# Algae...leave or treat?



## Bermuda_Newbie (Jun 15, 2018)

I've got an algae problem. The weird thing is, it's in the middle of my lawn that gets sunlight almost all day. I've included pictures







I've put out water gauges tonight since the sprinklers run in the morning. I thought originally that this area wasn't getting enough water since my grass is thick and green towards the cement sides which get the most water. I added an extra ten minutes to the watering cycle but what I realize is that this algae has been there a while and I mistakenly thought it was just wet soil. My ground passes the screwdriver test. The pictures look like the ground is still wet. It's not. It was last watered Saturday morning. The pictures were taking Monday evening.

Obviously, I have a drainage issue. I'm not sure why I'm having drainage issue as I have a drain in my grass and it's sloped toward this drain and toward the other edge of the lawn. The ground was tilled and new soil was brought in before the sod was laid. I also sanded this year. Apart from a soil test which I know I need to do, do I treat the algae? Should I just not water it for a few days and see if it clears up on its own? It's pretty widespread throughout my grass. Any suggestions?


----------



## Bermuda_Newbie (Jun 15, 2018)

Well I think I solved the why problem of my algae. It turns out I've been watering at least 3" a week in some sections of my lawn which was fine (a little much)when it was 105 but now that is a little cooler, not so great.

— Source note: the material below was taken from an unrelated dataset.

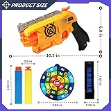 [Christmas birthday gift for kids] Package includes 2 toy guns and 80 replacement foam darts and 2 elastic wrists and 2 target hooks. This is a great toy soft bullet gun that can be used at home, yard, garage, party and park at any time. Birthday and Christmas gifts for boys and girls 6 years and older. [Impact gun with automatic rotating drum] Made of environmentally friendly ABS plastic, smooth surface is durable. Simply load the foam dart into the rotating drum (can hold 6 darts), pull back, and pull the trigger to fire 1 dart at a time (can fire 6 darts) [More fire support] Comes with 80 filled foam darts, and 2 elastic wrists (each can hold 8 filled foam darts) for continuous shooting fun. [Soft gun for children and adults] Soft head bullets are made of soft EVA, flexible, easy to deform and safe for young children. This toy gun can shoot darts up to 10 meters away. It can promote parent-child communication and friendship between children and friends and family. It is suitable for exercising children's hand-eye coordination, attention and shooting skills If you have any questions about your order or need help, please feel free to contact us.

The question still stands, do I treat it or will it go away on its own? Maybe I'll just have to see what happens and post an update.


----------



## rhollow1 (Jun 28, 2018)

I would like to know this to.


----------



## erdons (Apr 3, 2018)

I had some in my front yard tifsport plug Area but i simply never touched it and the grass grew over it anyway. If you must try giving it a hard raking that will probably break up a lot of it.


----------



## tcorbitt20 (Aug 31, 2018)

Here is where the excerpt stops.